--- START ---

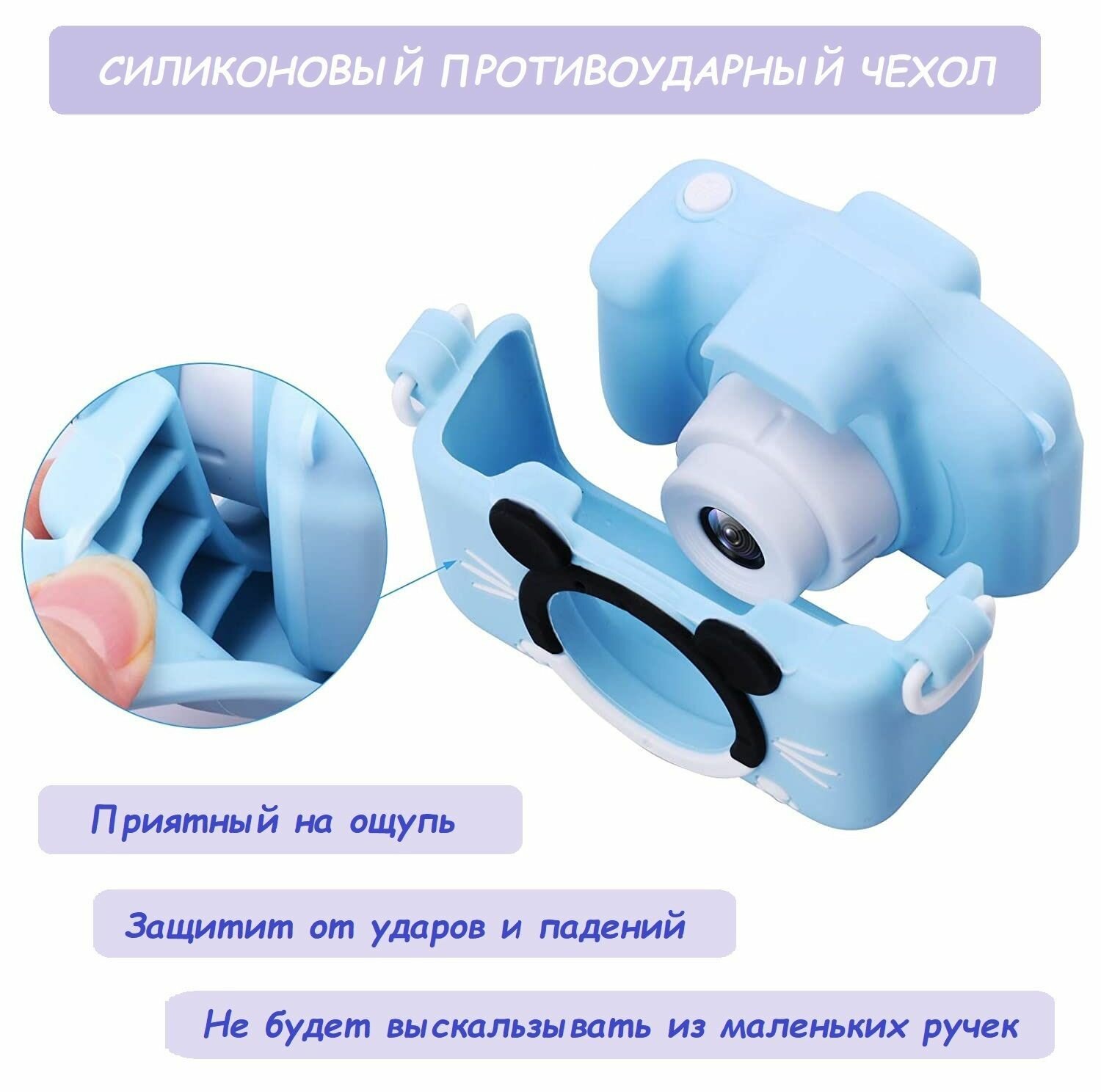 Фотоаппарат детский Мышонок/Мышка (голубой) с селфи-камерой и играми + карта памяти 32 ГБ интересное:
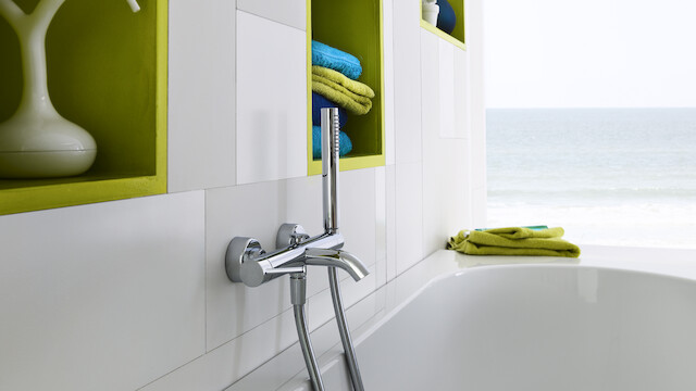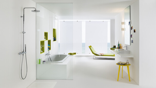 La natura vivace è valorizzata dall’incontro tra linee snelle e filanti in un ordinato gioco di proporzioni tra essenzialità e dinamismo. Il gruppo vasca con set doccia è esempio concreto di sintesi tra stile e praticità: non necessita di forare la parete. Ogni dettaglio suggerisce un’idea di comfort, nella cornice più sincera del benessere quotidiano.
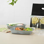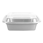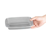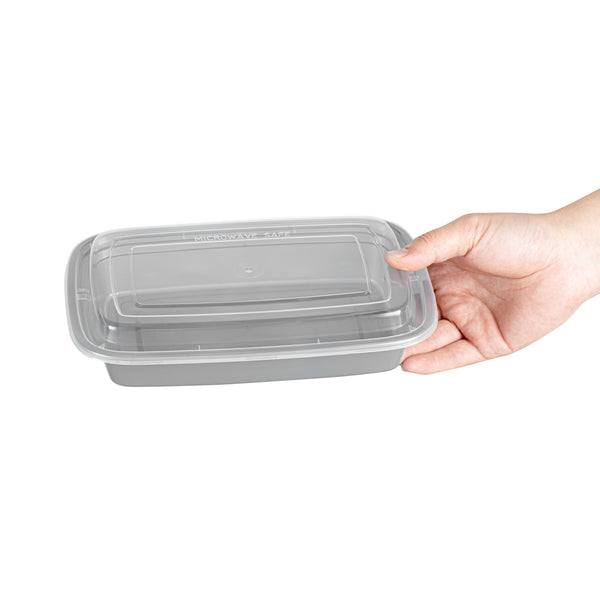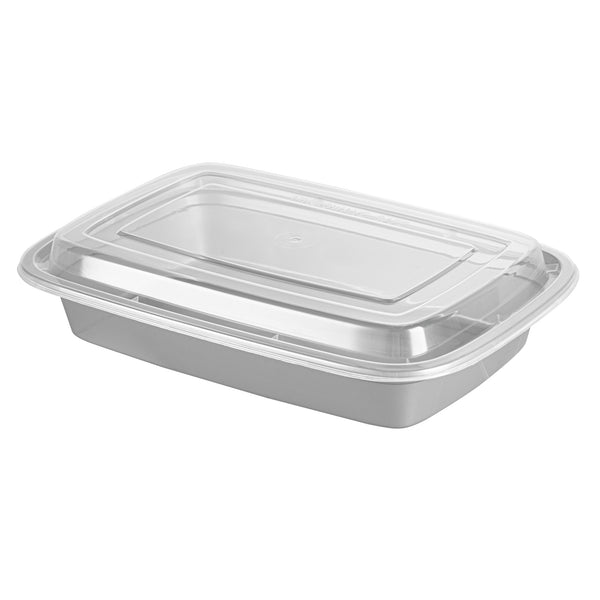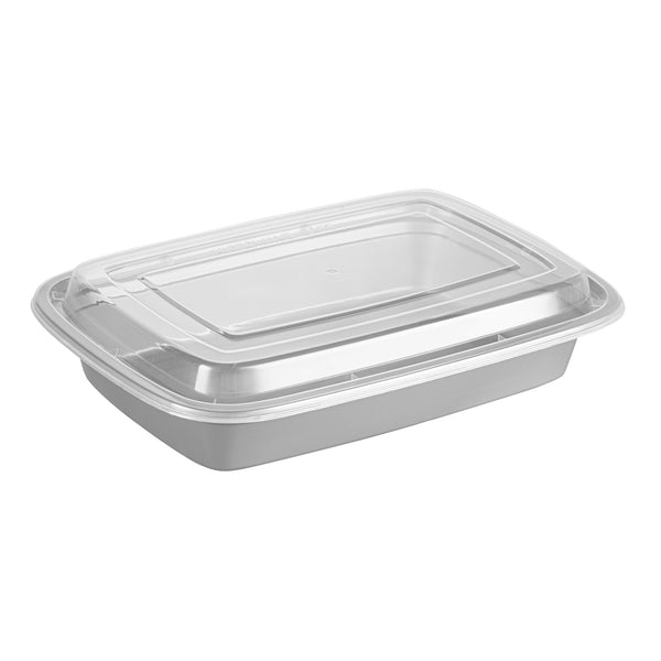 Elevate your foodservice with our Asporto 28-ounce Rectangle Silver Plastic To Go Boxes. These to go containers come with clear plastic lids and form a tight seal to keep your packed food intact during delivery. Designed to be microwave-safe, these meal prep containers allow you to easily reheat your meals easily without transferring them to a different container. These takeaway boxes are manufactured from BPA-free plastic and are suitable for packing a wide variety of hot and cold foods. Boasting a sophisticated silver finish, these to go boxes lend an elegant touch to your food presentation. These take out containers are disposable and let you discard them for an easy cleaning experience. Ideal for eco-conscious foodservice establishments, these disposable take out boxes are recyclable. Measuring 8.75 inches in length by 6 inches in width by 1.5 inches in height, these carry out containers can hold up to 28 ounces and offer ample space for packing your culinary creations. Sold in a 100 count box.
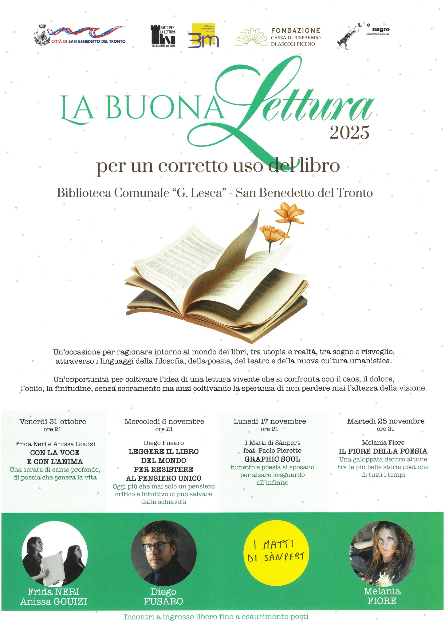 Appuntamento all’interno dell'iniziativa La buona lettura 2025 per un corretto uso del libro. Un’occasione per ragionare intorno al mondo dei libri, tra utopia e realtà, tra sogno e risveglio, attraverso i linguaggi della filosofia, della poesia, del teatro e della nuova cultura umanistica. Un’opportunità per coltivare l’idea di una lettura vivente che si confronta con il caso, il dolore, l’oblio, la finitudine, senza scoramento ma anzi coltivando la speranza di non perdere mai l’altezza della visione
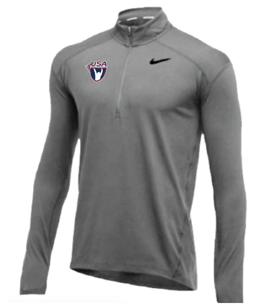 Nike Men’s USA Weightlifting 1/2 Zip Top – Grey – Nike Dri-FIT technology helps you stay dry and comfortable. 1/2-zip design with a mock neck provides versatile coverage. Interior tape moves smoothly against your skin. Swoosh design trademark is printed on the right chest. 100% POLYESTER.
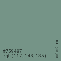 Цвет #759487 в цветовой модели RGB обозначается тремя октетами (117, 148, 135) в десятичном формате и #759487 в шестнадцатиричном (hex) формате, которые являются интенсивностью красного 117 (hex 75), интенсивность зелёного 148 (hex 94) и интенсивность синего 135 (hex 87).
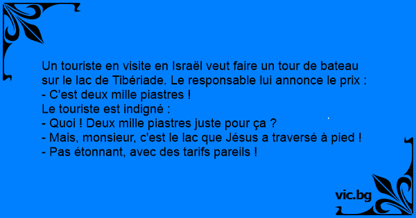 Un touriste en visite en Israël veut faire un tour de bateau sur le lac de Tibériade. Le responsable lui annonce le prix :
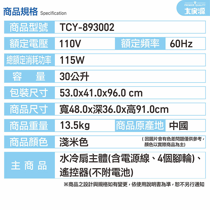 | 商品名稱 | 大家源 30L分離式冰涼水冷扇 TCY-893002 |
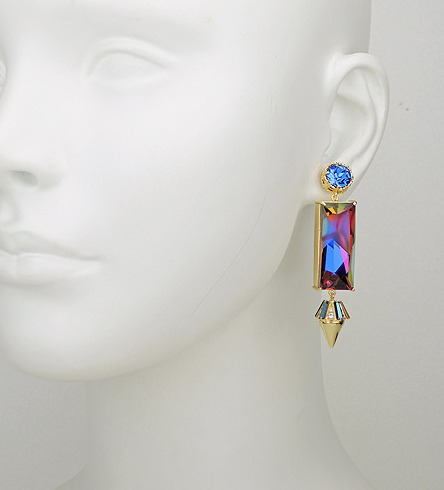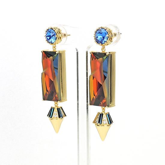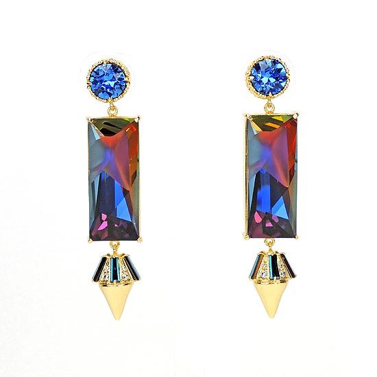 四爪鑲藍色水晶,搭配長方形的幻彩爆裂水晶墜飾, 以及鑲嵌鋯石與水晶的卯釘墜飾,配戴起來奢華與個性具備,無論正式或休閒亦可搭配。
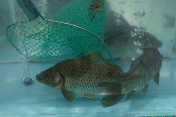 2、在饵料的选择上,可以使用一些全颗粒的饵料,而且还要注意找专人,每天在正确的时间当中,进行定点定时的投喂,每次在投喂的时候,都要注意合适的量。
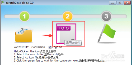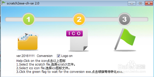 要想将scratch文件酿成可执行文件,需要借助一个特别的东西软件,它叫scratch2exe-ch-se,在网上下载好它,打开这个软件,进入其界面;
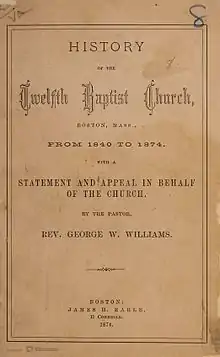 - Williams, George W. (1874). "History of the Twelfth Baptist Church, Boston, Mass., From 1840 to 1874. : With a Statement and Appeal in Behalf of the Church". Boston: James H. Earle.
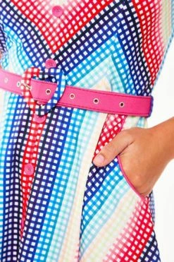 The A-line flared midi dress has gingham multicolor print, a sweetheart neckline, belt and button detailing, pockets, a flattering fit and it fastens with a zipper at the back.
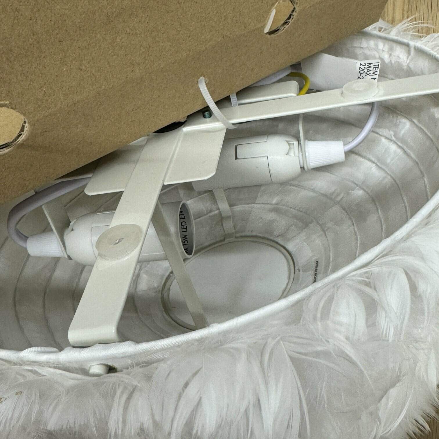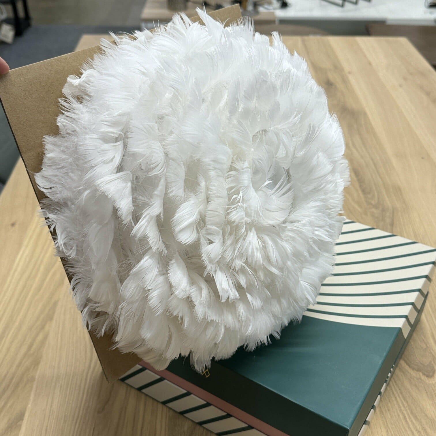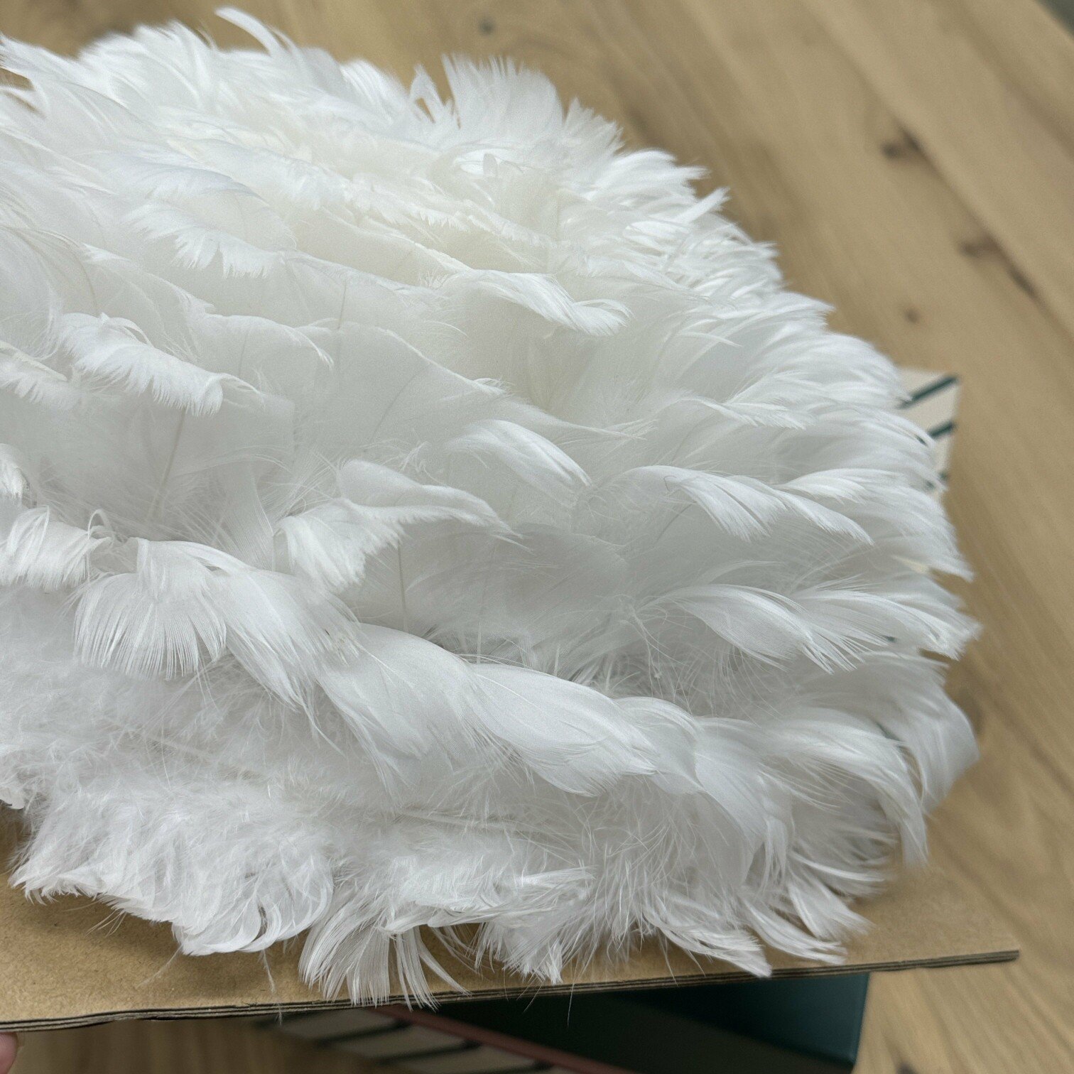Roku darbs no plāna papīra un skaistās, baltās, autentiskās zosu spalvas piešķir abažūram ļoti elegantu izskatu. Iedegoties, Eos Up izstaro ļoti maigu, izkliedētu un siltu gaismu. Ar maigo gaismu un apaļo, pūkaino spalvu formu Eos piešķir telpai mīkstinošu un nomierinošu atmosfēru.

--- END ---

Requirement: All of the lines above should be retyped precisely, apart from the pictures.

Answer to the problem:
 Фотоаппарат детский Мышонок/Мышка (голубой) с селфи-камерой и играми + карта памяти 32 ГБ интересное:
 La natura vivace è valorizzata dall’incontro tra linee snelle e filanti in un ordinato gioco di proporzioni tra essenzialità e dinamismo. Il gruppo vasca con set doccia è esempio concreto di sintesi tra stile e praticità: non necessita di forare la parete. Ogni dettaglio suggerisce un’idea di comfort, nella cornice più sincera del benessere quotidiano.
 Elevate your foodservice with our Asporto 28-ounce Rectangle Silver Plastic To Go Boxes. These to go containers come with clear plastic lids and form a tight seal to keep your packed food intact during delivery. Designed to be microwave-safe, these meal prep containers allow you to easily reheat your meals easily without transferring them to a different container. These takeaway boxes are manufactured from BPA-free plastic and are suitable for packing a wide variety of hot and cold foods. Boasting a sophisticated silver finish, these to go boxes lend an elegant touch to your food presentation. These take out containers are disposable and let you discard them for an easy cleaning experience. Ideal for eco-conscious foodservice establishments, these disposable take out boxes are recyclable. Measuring 8.75 inches in length by 6 inches in width by 1.5 inches in height, these carry out containers can hold up to 28 ounces and offer ample space for packing your culinary creations. Sold in a 100 count box.
 Appuntamento all’interno dell'iniziativa La buona lettura 2025 per un corretto uso del libro. Un’occasione per ragionare intorno al mondo dei libri, tra utopia e realtà, tra sogno e risveglio, attraverso i linguaggi della filosofia, della poesia, del teatro e della nuova cultura umanistica. Un’opportunità per coltivare l’idea di una lettura vivente che si confronta con il caso, il dolore, l’oblio, la finitudine, senza scoramento ma anzi coltivando la speranza di non perdere mai l’altezza della visione
 Nike Men’s USA Weightlifting 1/2 Zip Top – Grey – Nike Dri-FIT technology helps you stay dry and comfortable. 1/2-zip design with a mock neck provides versatile coverage. Interior tape moves smoothly against your skin. Swoosh design trademark is printed on the right chest. 100% POLYESTER.
 Цвет #759487 в цветовой модели RGB обозначается тремя октетами (117, 148, 135) в десятичном формате и #759487 в шестнадцатиричном (hex) формате, которые являются интенсивностью красного 117 (hex 75), интенсивность зелёного 148 (hex 94) и интенсивность синего 135 (hex 87).
 Un touriste en visite en Israël veut faire un tour de bateau sur le lac de Tibériade. Le responsable lui annonce le prix :
 | 商品名稱 | 大家源 30L分離式冰涼水冷扇 TCY-893002 |
 四爪鑲藍色水晶,搭配長方形的幻彩爆裂水晶墜飾, 以及鑲嵌鋯石與水晶的卯釘墜飾,配戴起來奢華與個性具備,無論正式或休閒亦可搭配。
 2、在饵料的选择上,可以使用一些全颗粒的饵料,而且还要注意找专人,每天在正确的时间当中,进行定点定时的投喂,每次在投喂的时候,都要注意合适的量。
 要想将scratch文件酿成可执行文件,需要借助一个特别的东西软件,它叫scratch2exe-ch-se,在网上下载好它,打开这个软件,进入其界面;
 - Williams, George W. (1874). "History of the Twelfth Baptist Church, Boston, Mass., From 1840 to 1874. : With a Statement and Appeal in Behalf of the Church". Boston: James H. Earle.
 The A-line flared midi dress has gingham multicolor print, a sweetheart neckline, belt and button detailing, pockets, a flattering fit and it fastens with a zipper at the back.
Roku darbs no plāna papīra un skaistās, baltās, autentiskās zosu spalvas piešķir abažūram ļoti elegantu izskatu. Iedegoties, Eos Up izstaro ļoti maigu, izkliedētu un siltu gaismu. Ar maigo gaismu un apaļo, pūkaino spalvu formu Eos piešķir telpai mīkstinošu un nomierinošu atmosfēru.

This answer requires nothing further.